Хан встал, спустился по ступенькам с возвышения и, пройдя мимо телохранителей, приблизился к своему коню. Для этой охоты он выбрал вороного, принадлежавшего некогда китайскому императору.
Когда сигнал трубы отзвучал, с другого конца котловины донеслись звуки барабанов, медных тарелок, трещоток и фанфар. Под эти звуки загонщики начали сгонять зверей. И вскоре первые из них появились на той самой тропе, в начале которой сидел на своем вороном хан. Первыми выскочили несколько зайцев–пищух, которые запрыгали в высокой траве, а потом замерли на задних лапках, насторожив уши. За ними показались олени, белогрудые горные бараны, газели, антилопы, дикие ослы и кабаны. Большинство из них испуганно метались туда–сюда, пытаясь найти путь к спасению.

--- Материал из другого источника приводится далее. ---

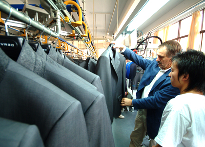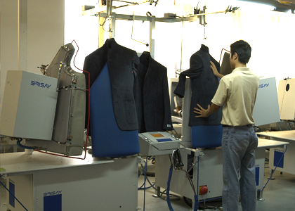 運用高品質(zhì)的德國BRISAY立模整燙機(jī),采用電腦控制蒸汽輸出量、溫度、壓力、定型、抽濕時間,根據(jù)面料的厚薄、質(zhì)地、性能,以38種不同整燙程序調(diào)整以上各個參數(shù),配合服裝的整燙。

И снова прозвучал голос трубы.
Хан высоко поднял руку.
На какое–то мгновение наступила полная тишина.
Где–то хрустнула ветка.
Хан медленно поехал по тропе – прочь от деревянного возвышения, прочь от своего трона.
Затих грохот барабанов и меди. На поляне, подобно изваяниям, застыли олени, газели, бараны и антилопы. Все они уставились в одну сторону – на высокие ряды лиственниц и кедров.
Над тропой с криком пролетела крупная сойка.
Первыми с места сорвались зайцы–пищухи. Вскоре вслед за ними засеменили фазаны, потом начали разбегаться бараны и овцы.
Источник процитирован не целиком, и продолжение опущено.